中国のGDPはは世界2位の17兆4580億ドル
2021年の名目GDP(国内総生産)で、中国は米国に次ぐ世界2位の17兆4580億ドルの規模を誇っています。ちなみにロシアは1兆7755億ドルで世界11位、中国の約10分の1です。
それほど巨大な中国経済ですが、その通貨金融システムは準ドル本位制です。中央銀行である中国人民銀行は流入するドルに応じて人民元資金を発行します。人民元の対ドル相場は前日の終値を基準レートとし、当日の変動幅は基準レートの上下2パーセントとするように、人民銀行が外為市場に介入するのです。
しかもこの基準レートは場合によっては前日終値とは無関係に大きく切り下げも切り上げも可能なのです。そんないいとこどりが中国の準ドル本位制です。
日本の場合も「米国の従属国」とよく言われますが、それは戦力の放棄を謳う憲法第9条のために水際での防衛に限定され、有事の際は日米安全保障条約に基づく米国の助けに頼るしかないことが背景にあります。
もちろん日本は紛れもない主権国家ですが、1970年代の日米繊維交渉、1980年代の自動車の対米輸出自主規制、円高誘導のためのプラザ合意、日米半導体協定などのように、理不尽な米国側の対日要求に対して、一方的に日本側が譲歩したケースは数え切れないほどです。
その根底には「通商問題を政治問題化しない」という政府の一貫した姿勢があります。政治問題化というのは、米国が日本に不信感をもち、同盟関係にヒビがはいることなのです。

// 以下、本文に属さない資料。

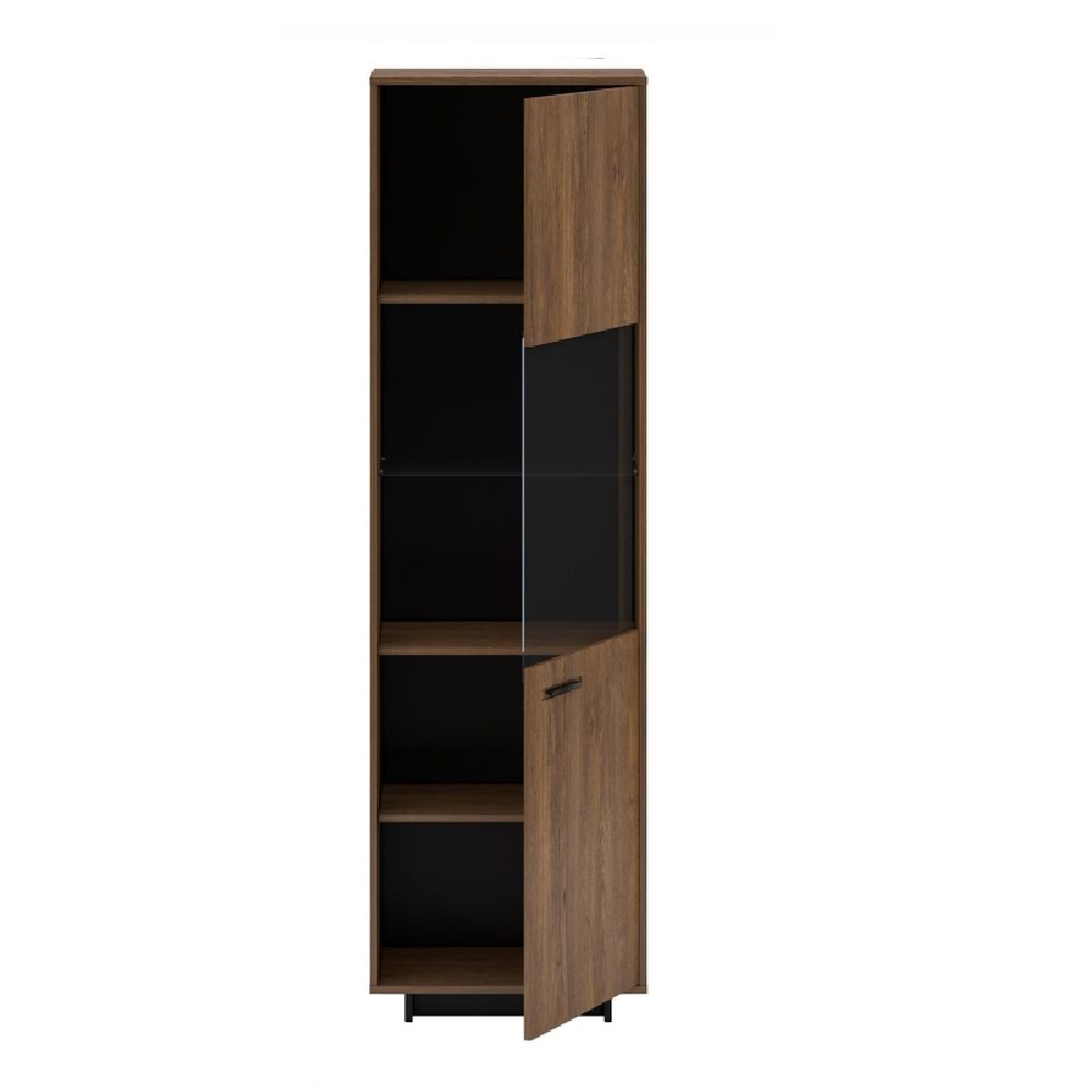 Enovratna vitrina Delis A2 je moderen kos pohištva, ki bo v vaš interier vnesel stil in eleganco. S temno barvo hrasta bolzano in črnimi detajli se poda v vsak prostor, naj bo to dnevna soba, spalnica ali pisarna.
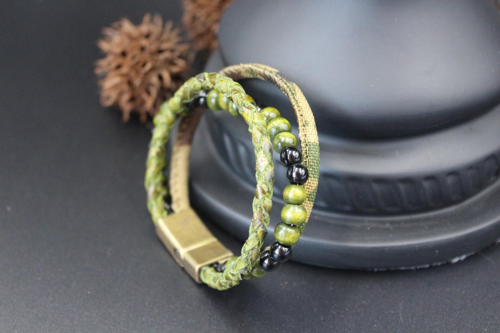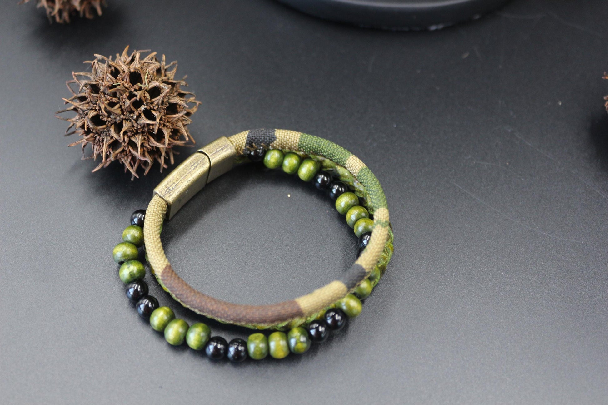 This rugged and stylish men's handmade bracelet is crafted in a military camouflage style, combining the durability of genuine leather and the natural warmth of wooden beads. It will be the perfect addition to the image of a real man who values freedom and adventure.
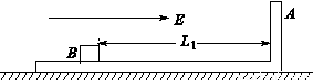 (11分)光滑水平面上放有如图所示的用绝缘材料制成的“┙”型滑板(平面部分足够长),滑板的质量为4m。距离滑板的右壁A为L1的B处放有一质量为m、电量为+q(q>0)的小物体(可视为质点),小物体与板面之间的摩擦可忽略不计。整个装置处于场强为E、方向水平向右的匀强电场中。开始时,滑板与小物体都处于静止状态,某时刻释放小物体,求:

では、通貨はどうか。日本の円はフリーフロート、つまり変動相場制であり、ドルに対して自由に変動します。中国のように、ドル資金が入らないと中央銀行の資金発行に支障を来すなんてバカなことはありません。巨額の外貨準備(外準)を維持するために、輸出を奨励して大幅な貿易黒字を続けることはもちろん、外国からの投資や借り入れを増やして外準に繰り入れる必要もありません。
当然のことながら、変動相場制であれば通貨や金融の対米自立は確保されます。とはいえ、ドルに対する自国通貨の安定はどの国にとっても死活的な事項です。ドル建てで貿易や投資を行う日本企業は変動相場制の影響を受けます。急激な円安、あるいは円高が進行するようだと、輸出入、国内生産や海外生産の戦略を立てにくくなります。
たとえば、円安は国内生産を有利にしますが、変動相場制であるかぎり、円安が持続する保証はありません。円安が続いていても、ある日、一転して円高に転じるようなことがあれば、国内生産は一挙に不利になるので、国内投資には慎重にならざるを得ません。
日本の通貨当局(財務省)がドル売り、またはドル買い介入を行うケースは滅多にありません。財務省が日銀を通じて市場介入する場合の前提は米財務省の了解です。よほどのことがないかぎり米側が首を縦に振ることはありません。
日本の当局によるドル売りの場合、ドルの価値が外国によって下げられることになり、それ自体米側は嫌がります。
しかもその場合、日本政府が保有する米国債を大量に売却するのですから、二重の意味で米側の反発を買いかねない。日米安全保障条約によって安全保障を米国に頼っている日本は米国に遠慮せざるを得ないのです。
逆に、円高是正のために、ドル買い介入を行う場合でも、米側の了解が欠かせません。ドル買い介入でもドルや米国債相場を人為的に動かすことに変わりはないからです。しかも日本のドル買い介入によってドル高になれば、米輸出産業が反発し、議会も対日批判を始めかねないのです。
唯一の例外は、小泉純一郎政権当時、2003年〜2004年のドル買い、円売り介入です。米国のブッシュ政権は反テロを名目にしたサダム・フセイン討伐のイラク戦争への日本側の協力と引き換えに事実上、ドル買い介入に同意したのです。
中国の経済は国際貿易と外国企業による直接投資や海外投資家による証券投資が主要な部分を占めているため、ドルなしでは回らない体制になっています。ロシアに協力して米国から二次制裁、即ち金融制裁を受けることにでもなれば、たちまちドルが不足して輸出入に支障を来し、中国経済は大ダメージを受けることになります。米国による二次制裁への恐れがあるため、中国も簡単にはロシア支援に回れないのです。